**Provided data:**

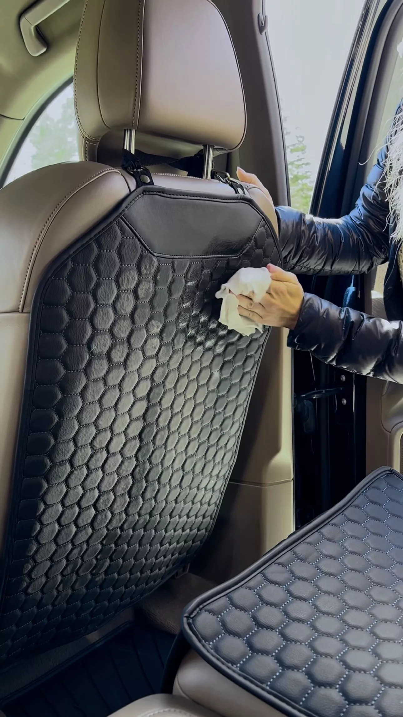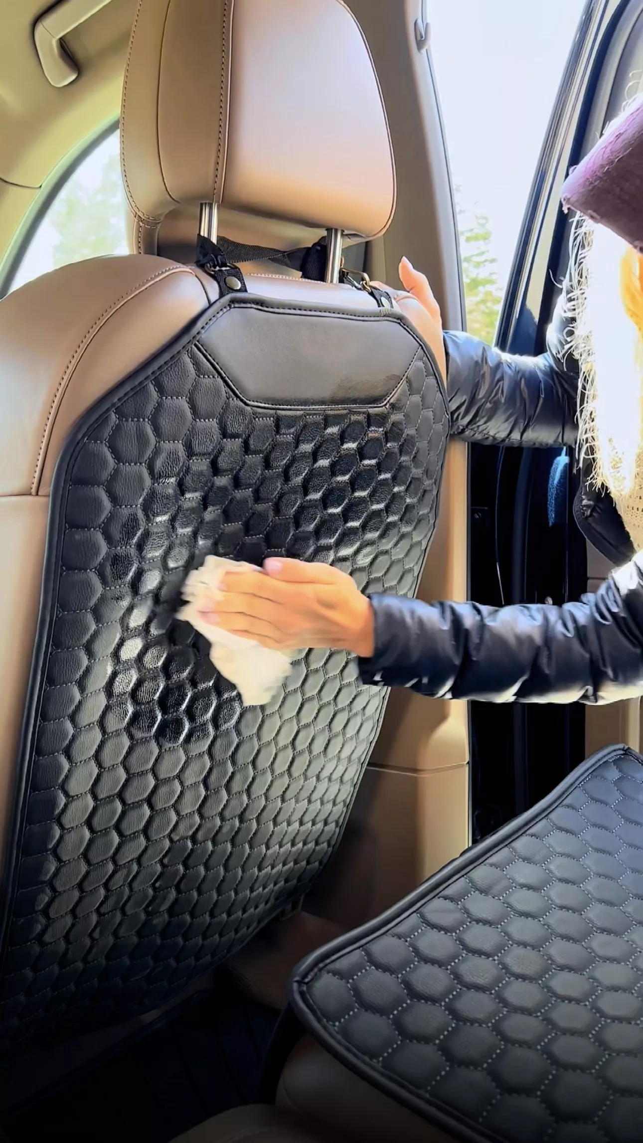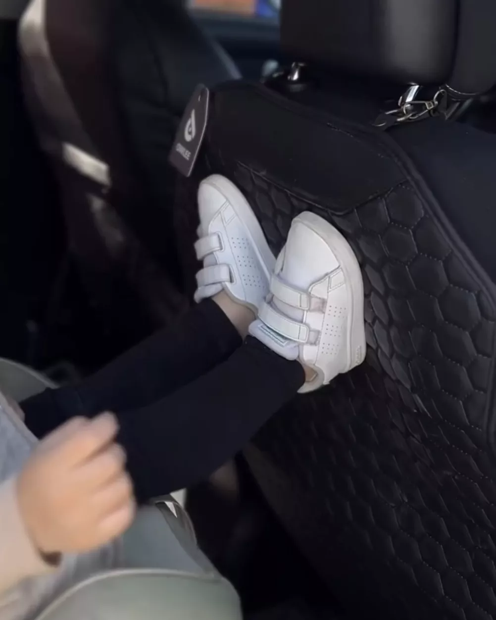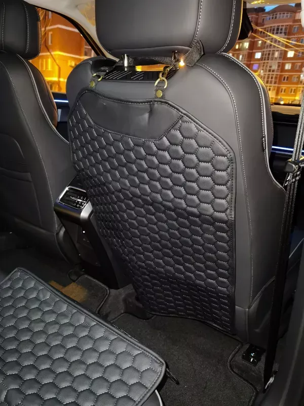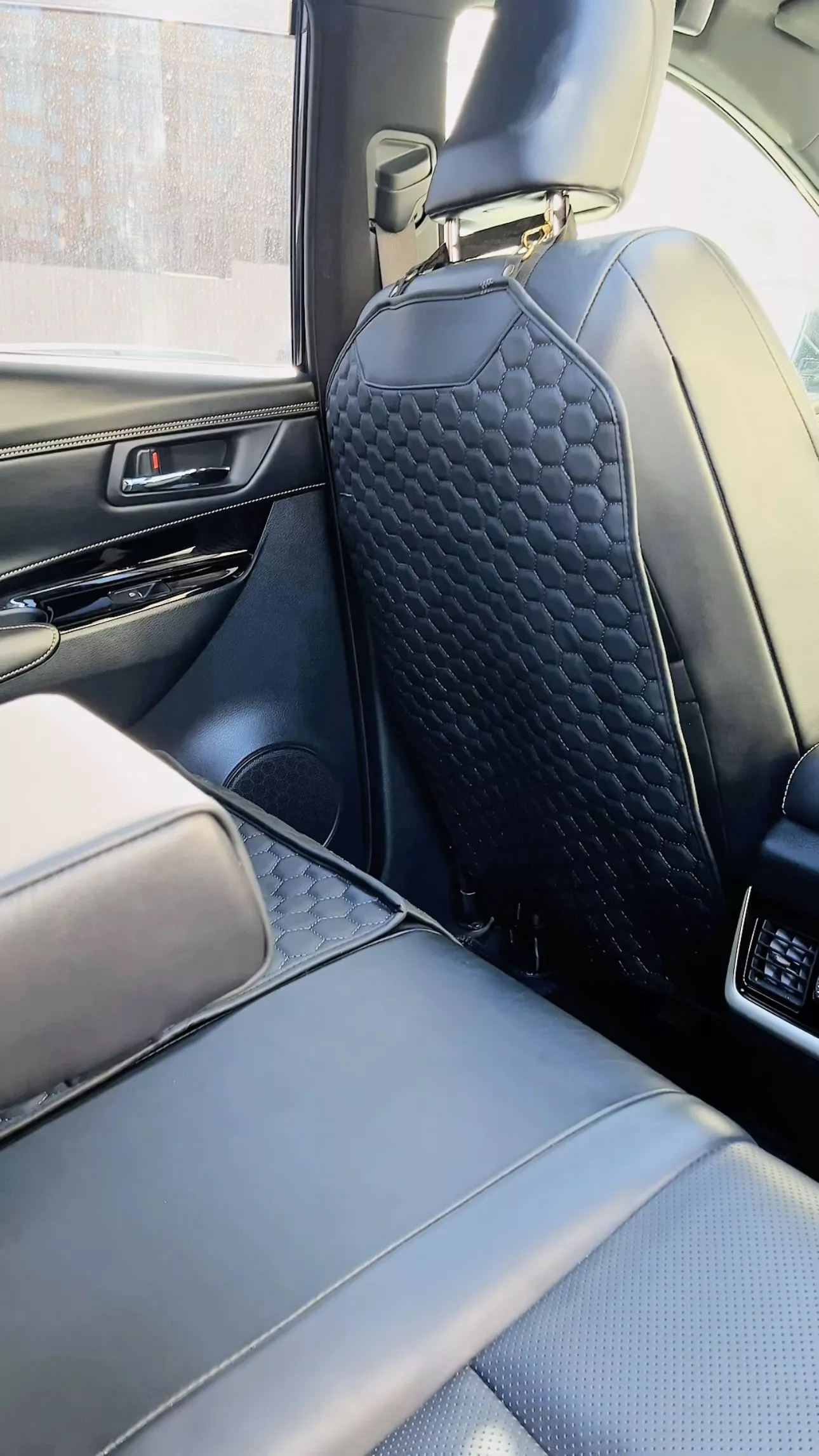 Featuring a sophisticated solid black color with a hexagonal pattern, our seat back protector fits seamlessly into any car interior. It not only guards your seat upholstery against dirt and shoe marks but also adds a touch of style.
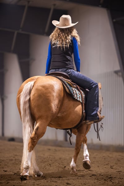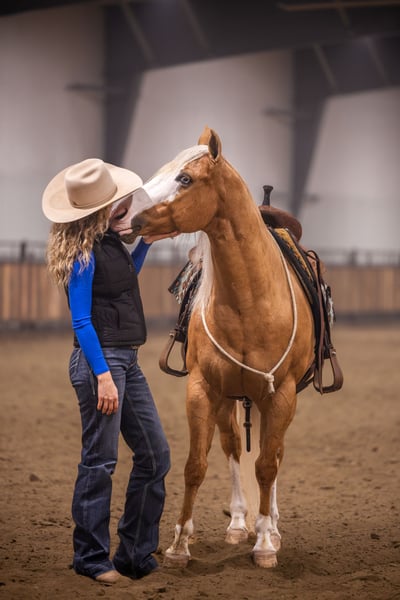 We love watching Boss move, even just when he is out playing. He has an elegant way of moving with a lot of grace in his strides. Bossman is a pleasure outside of the arena as he will graciously trail ride alone or in a group. This gelding is the most spook-proof horse we have ever had. Extremely large and loud machinery going by him is of no concern. When it comes to crazy dogs, silage tarps, and our obstacle course, he won’t even take a second look. He has a nice, easy going walk and will stop and hang out for as long as you want. Boss crosses valleys, creeks, logs, and anything else he comes into contact with. He loves going for a nice swim in the river or pond as well! This is the horse you put your town friends on. This is the horse you have the kids warm up for you. This is the horse that you leave off for a month and then load him up to go to a last minute show. This is the horse that is irreplaceable.
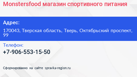 Monstersfood, магазин спортивного питания по адресу 170043, Тверская область, Тверь, Октябрьский проспект, 99 в дальнейшем Организация, размещена в следующих категориях:
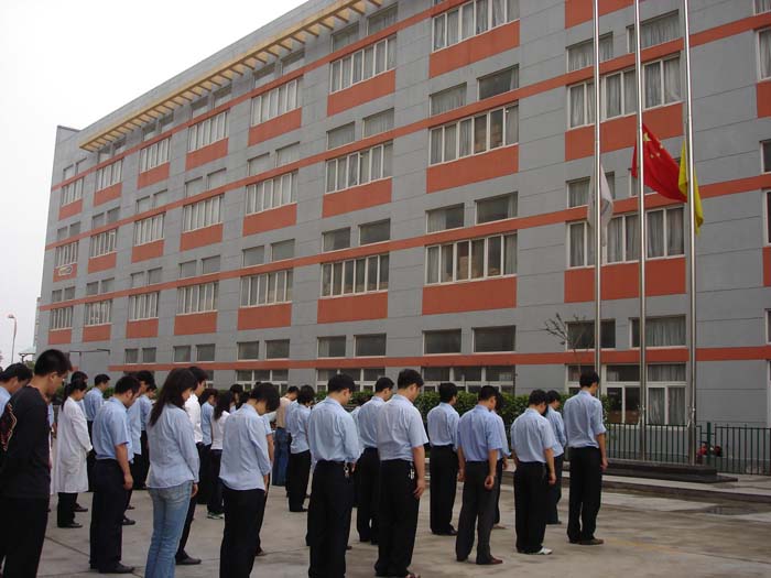 5月19日下午14时28,福建省纤维检验所全体员工为四川汶川大地震遇难同胞默哀3分钟
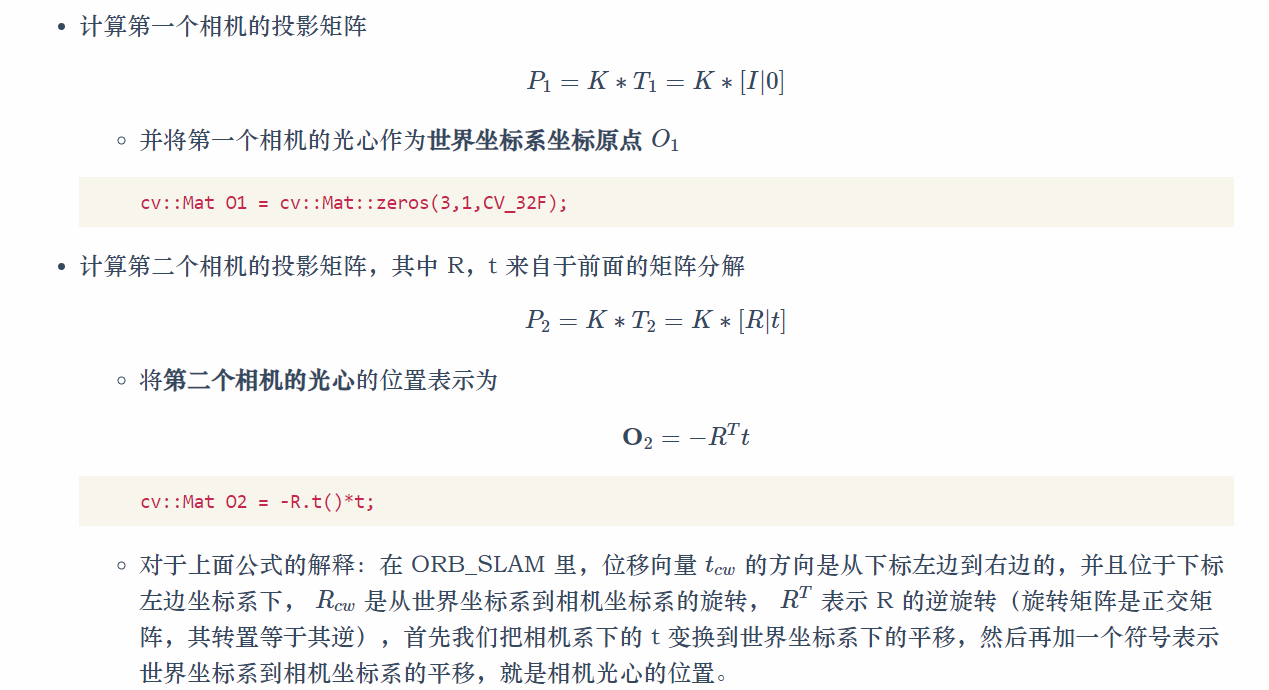 void triangulation ( const vector< KeyPoint >& keypoint_1, const vector< KeyPoint >& keypoint_2, const std::vector< DMatch >& matches, const Mat& R, const Mat& t, vector< Point3d >& points ) { //相机第一个位置处的位姿 Mat T1 = (Mat_<float> (3,4) << 1,0,0,0, 0,1,0,0, 0,0,1,0); //相机第二个位置处的位姿 Mat T2 = (Mat_<float> (3,4) << R.at<double>(0,0), R.at<double>(0,1), R.at<double>(0,2), t.at<double>(0,0), R.at<double>(1,0), R.at<double>(1,1), R.at<double>(1,2), t.at<double>(1,0), R.at<double>(2,0), R.at<double>(2,1), R.at<double>(2,2), t.at<double>(2,0) ); // 相机内参 Mat K = ( Mat_<double> ( 3,3 ) << 520.9, 0, 325.1, 0, 521.0, 249.7, 0, 0, 1 ); vector<Point2f> pts_1, pts_2; for ( DMatch m:matches ) { // 将像素坐标转换至相机平面坐标,为什么要这一步,上面推导中有讲 pts_1.push_back ( pixel2cam( keypoint_1[m.queryIdx].pt, K) ); pts_2.push_back ( pixel2cam( keypoint_2[m.trainIdx].pt, K) ); } Mat pts_4d; //opencv提供的三角测量函数 cv::triangulatePoints( T1, T2, pts_1, pts_2, pts_4d ); // 转换成非齐次坐标 for ( int i=0; i<pts_4d.cols; i++ ) { Mat x = pts_4d.col(i); x /= x.at<float>(3,0); // 归一化 Point3d p ( x.at<float>(0,0), x.at<float>(1,0), x.at<float>(2,0) ); points.push_back( p ); } } Point2f pixel2cam ( const Point2d& p, const Mat& K ) { return Point2f ( ( p.x - K.at<double>(0,2) ) / K.at<double>(0,0), ( p.y - K.at<double>(1,2) ) / K.at<double>(1,1) ); }
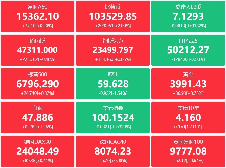 外盘:特朗普关税遭质疑且AI交游复苏,好意思股集体收涨,其中说念指涨225.86点,涨幅0.48%报47311.10点;纳指涨151.16点,涨幅0.65%报23499.80点;标普500涨24.74点,涨幅0.37%报6796.29点;谷歌涨超2%创历史收盘新高,特斯拉涨超4%,英特尔涨逾3%,Meta涨超1%,苹果、奈飞、亚马逊小幅上升;微软、英伟达跌超1%。Pinterest(PINS)跌超21%创该公司好意思国IPO以来第二最差单日进展;中概股涨跌不一,纳斯达克中国金龙指数涨0.15%,富途控股涨超4%,唯品会、好畴昔涨超2%,蔚来、霸王茶姬涨超1%,再鼎医药跌超4%,新东方、小鹏汽车跌逾3%,贝壳、BOSS直聘跌超2%。
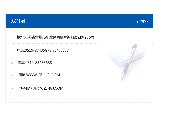 地址:常州市新北區友邦商務大廈1幢16、17層  電話:0519-85101652  傳真:0519-85112595  郵編:213022  網址:www_cz-jiayue_cn.qdguerte.com  郵箱:xiajifengaa@163.com
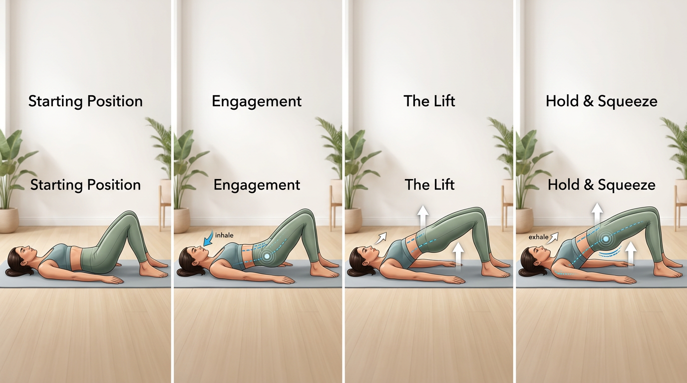 Sequence showing the bridge exercise from starting position through the lift with arrows indicating the upward hip movement and pelvic floor engagement, plus proper breathing cues
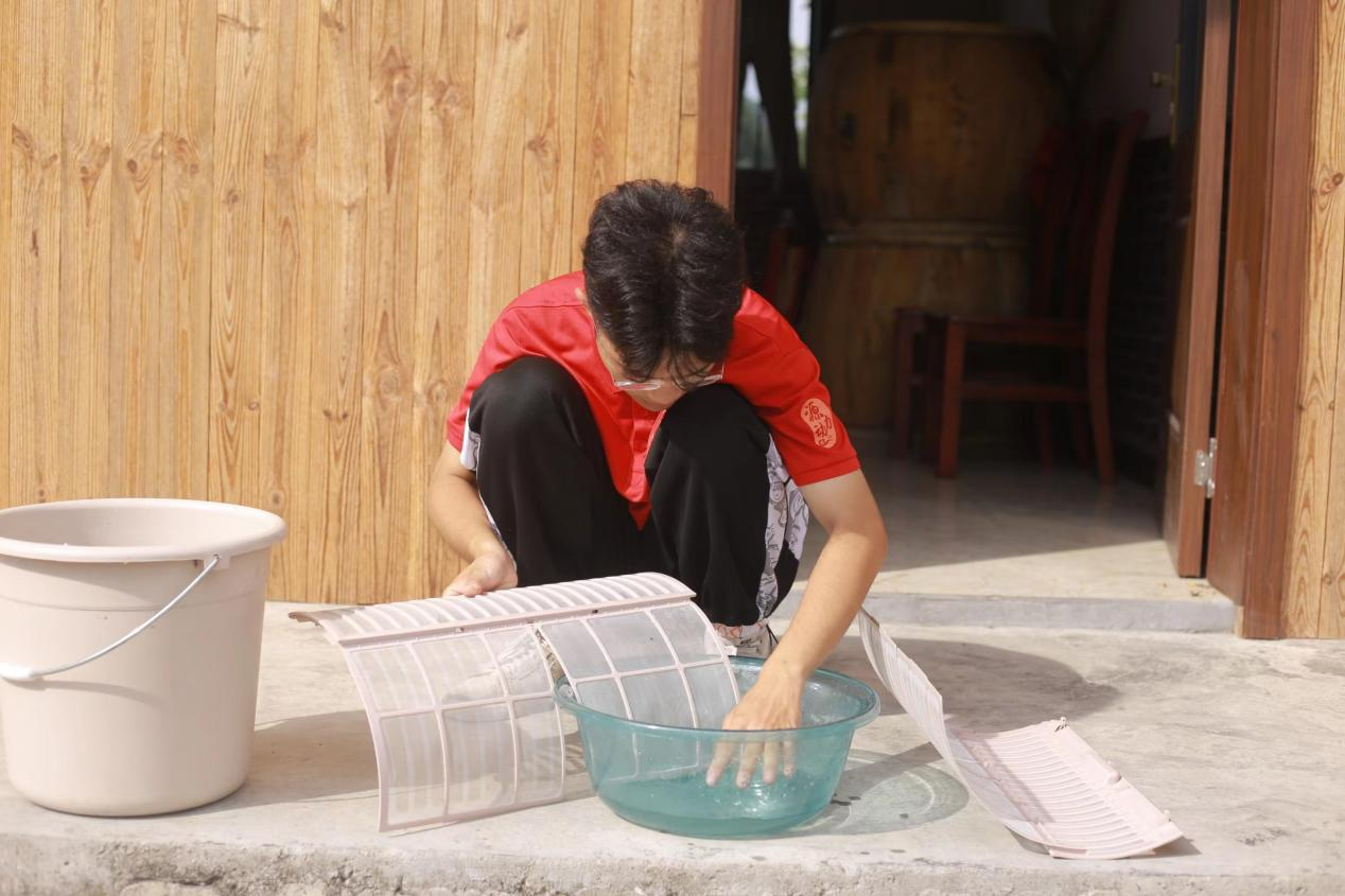 切断电源,用湿抹布擦洗外壳上的灰尘;打开面板,将滤网轻轻提起取出;清洗滤网,冲洗上面的灰尘并擦拭干净……队员们熟练地进行着清洗空调的每一个步骤,认真细致地将滤网上的灰尘冲洗干净。你来取网、我来清洗、他来安装,在队员们的合力协作下,一家又一家的空调维保得以完成。
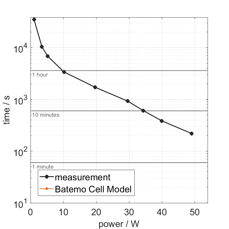 The cell is discharged from 100% SOC with different constant currents at 25°C. The thermal boundary condi­tion is free convec­tion. The measure­ment stops when reaching either the voltage of 2.5V or the surface temper­a­ture of 60°C. The graph shows the derived exper­i­ment duration and average power of the experiment.
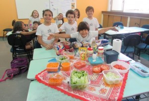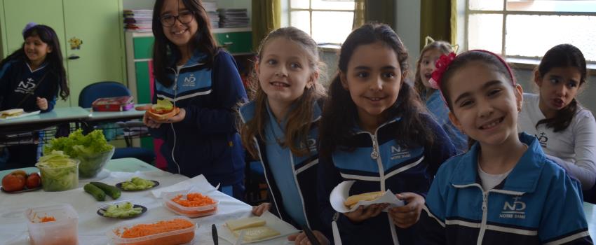 Por isso, após estudo sobre as partes das plantas e suas funções, os educandos matriculados no 3º Ano do Ensino Fundamental do Colégio Notre Dame Rainha aprenderam sobre os principais nutrientes dos vegetais consumidos pelas pessoas. Integrando esses conhecimentos, as crianças, então saborearam um sanduíche preparado com folhas, frutos e raízes, como alface, tomate, pepino e cenoura.

**What needs to be done:** What you give back should match the entries above exactly, except that pictures are dropped.

**Written answer:**
 Featuring a sophisticated solid black color with a hexagonal pattern, our seat back protector fits seamlessly into any car interior. It not only guards your seat upholstery against dirt and shoe marks but also adds a touch of style.
 We love watching Boss move, even just when he is out playing. He has an elegant way of moving with a lot of grace in his strides. Bossman is a pleasure outside of the arena as he will graciously trail ride alone or in a group. This gelding is the most spook-proof horse we have ever had. Extremely large and loud machinery going by him is of no concern. When it comes to crazy dogs, silage tarps, and our obstacle course, he won’t even take a second look. He has a nice, easy going walk and will stop and hang out for as long as you want. Boss crosses valleys, creeks, logs, and anything else he comes into contact with. He loves going for a nice swim in the river or pond as well! This is the horse you put your town friends on. This is the horse you have the kids warm up for you. This is the horse that you leave off for a month and then load him up to go to a last minute show. This is the horse that is irreplaceable.
 Monstersfood, магазин спортивного питания по адресу 170043, Тверская область, Тверь, Октябрьский проспект, 99 в дальнейшем Организация, размещена в следующих категориях:
 5月19日下午14时28,福建省纤维检验所全体员工为四川汶川大地震遇难同胞默哀3分钟
 void triangulation ( const vector< KeyPoint >& keypoint_1, const vector< KeyPoint >& keypoint_2, const std::vector< DMatch >& matches, const Mat& R, const Mat& t, vector< Point3d >& points ) { //相机第一个位置处的位姿 Mat T1 = (Mat_<float> (3,4) << 1,0,0,0, 0,1,0,0, 0,0,1,0); //相机第二个位置处的位姿 Mat T2 = (Mat_<float> (3,4) << R.at<double>(0,0), R.at<double>(0,1), R.at<double>(0,2), t.at<double>(0,0), R.at<double>(1,0), R.at<double>(1,1), R.at<double>(1,2), t.at<double>(1,0), R.at<double>(2,0), R.at<double>(2,1), R.at<double>(2,2), t.at<double>(2,0) ); // 相机内参 Mat K = ( Mat_<double> ( 3,3 ) << 520.9, 0, 325.1, 0, 521.0, 249.7, 0, 0, 1 ); vector<Point2f> pts_1, pts_2; for ( DMatch m:matches ) { // 将像素坐标转换至相机平面坐标,为什么要这一步,上面推导中有讲 pts_1.push_back ( pixel2cam( keypoint_1[m.queryIdx].pt, K) ); pts_2.push_back ( pixel2cam( keypoint_2[m.trainIdx].pt, K) ); } Mat pts_4d; //opencv提供的三角测量函数 cv::triangulatePoints( T1, T2, pts_1, pts_2, pts_4d ); // 转换成非齐次坐标 for ( int i=0; i<pts_4d.cols; i++ ) { Mat x = pts_4d.col(i); x /= x.at<float>(3,0); // 归一化 Point3d p ( x.at<float>(0,0), x.at<float>(1,0), x.at<float>(2,0) ); points.push_back( p ); } } Point2f pixel2cam ( const Point2d& p, const Mat& K ) { return Point2f ( ( p.x - K.at<double>(0,2) ) / K.at<double>(0,0), ( p.y - K.at<double>(1,2) ) / K.at<double>(1,1) ); }
 外盘:特朗普关税遭质疑且AI交游复苏,好意思股集体收涨,其中说念指涨225.86点,涨幅0.48%报47311.10点;纳指涨151.16点,涨幅0.65%报23499.80点;标普500涨24.74点,涨幅0.37%报6796.29点;谷歌涨超2%创历史收盘新高,特斯拉涨超4%,英特尔涨逾3%,Meta涨超1%,苹果、奈飞、亚马逊小幅上升;微软、英伟达跌超1%。Pinterest(PINS)跌超21%创该公司好意思国IPO以来第二最差单日进展;中概股涨跌不一,纳斯达克中国金龙指数涨0.15%,富途控股涨超4%,唯品会、好畴昔涨超2%,蔚来、霸王茶姬涨超1%,再鼎医药跌超4%,新东方、小鹏汽车跌逾3%,贝壳、BOSS直聘跌超2%。
 地址:常州市新北區友邦商務大廈1幢16、17層  電話:0519-85101652  傳真:0519-85112595  郵編:213022  網址:www_cz-jiayue_cn.qdguerte.com  郵箱:xiajifengaa@163.com
 Sequence showing the bridge exercise from starting position through the lift with arrows indicating the upward hip movement and pelvic floor engagement, plus proper breathing cues
 切断电源,用湿抹布擦洗外壳上的灰尘;打开面板,将滤网轻轻提起取出;清洗滤网,冲洗上面的灰尘并擦拭干净……队员们熟练地进行着清洗空调的每一个步骤,认真细致地将滤网上的灰尘冲洗干净。你来取网、我来清洗、他来安装,在队员们的合力协作下,一家又一家的空调维保得以完成。
 The cell is discharged from 100% SOC with different constant currents at 25°C. The thermal boundary condi­tion is free convec­tion. The measure­ment stops when reaching either the voltage of 2.5V or the surface temper­a­ture of 60°C. The graph shows the derived exper­i­ment duration and average power of the experiment.
 Por isso, após estudo sobre as partes das plantas e suas funções, os educandos matriculados no 3º Ano do Ensino Fundamental do Colégio Notre Dame Rainha aprenderam sobre os principais nutrientes dos vegetais consumidos pelas pessoas. Integrando esses conhecimentos, as crianças, então saborearam um sanduíche preparado com folhas, frutos e raízes, como alface, tomate, pepino e cenoura.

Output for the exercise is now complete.